_REQUIRED WORK_: Copy the lines below word for word, skipping any image.

_GIVEN INFORMATION_:
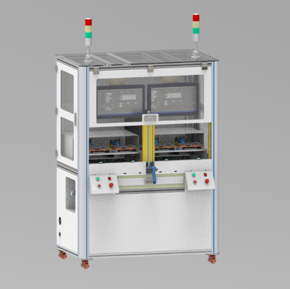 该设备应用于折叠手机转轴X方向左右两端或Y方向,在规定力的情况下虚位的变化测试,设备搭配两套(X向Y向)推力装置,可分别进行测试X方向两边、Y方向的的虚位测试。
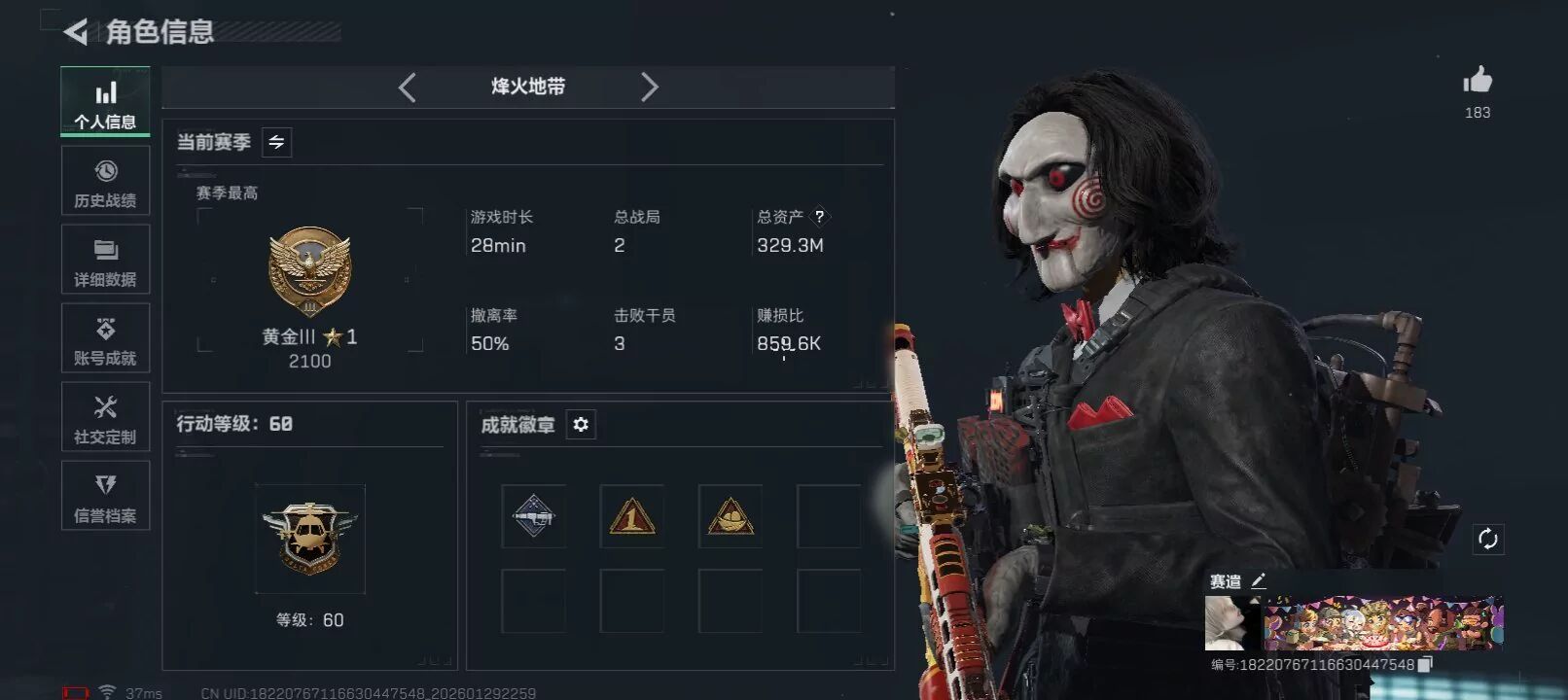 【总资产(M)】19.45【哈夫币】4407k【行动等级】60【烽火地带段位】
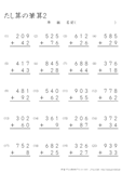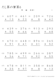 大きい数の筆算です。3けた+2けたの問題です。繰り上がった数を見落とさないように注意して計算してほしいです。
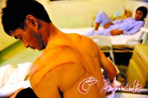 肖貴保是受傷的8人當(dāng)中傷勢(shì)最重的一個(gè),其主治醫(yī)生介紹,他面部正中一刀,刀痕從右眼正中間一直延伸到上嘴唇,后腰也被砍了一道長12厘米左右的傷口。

_WRITTEN REPLY_:
 该设备应用于折叠手机转轴X方向左右两端或Y方向,在规定力的情况下虚位的变化测试,设备搭配两套(X向Y向)推力装置,可分别进行测试X方向两边、Y方向的的虚位测试。
 【总资产(M)】19.45【哈夫币】4407k【行动等级】60【烽火地带段位】
 大きい数の筆算です。3けた+2けたの問題です。繰り上がった数を見落とさないように注意して計算してほしいです。
 肖貴保是受傷的8人當(dāng)中傷勢(shì)最重的一個(gè),其主治醫(yī)生介紹,他面部正中一刀,刀痕從右眼正中間一直延伸到上嘴唇,后腰也被砍了一道長12厘米左右的傷口。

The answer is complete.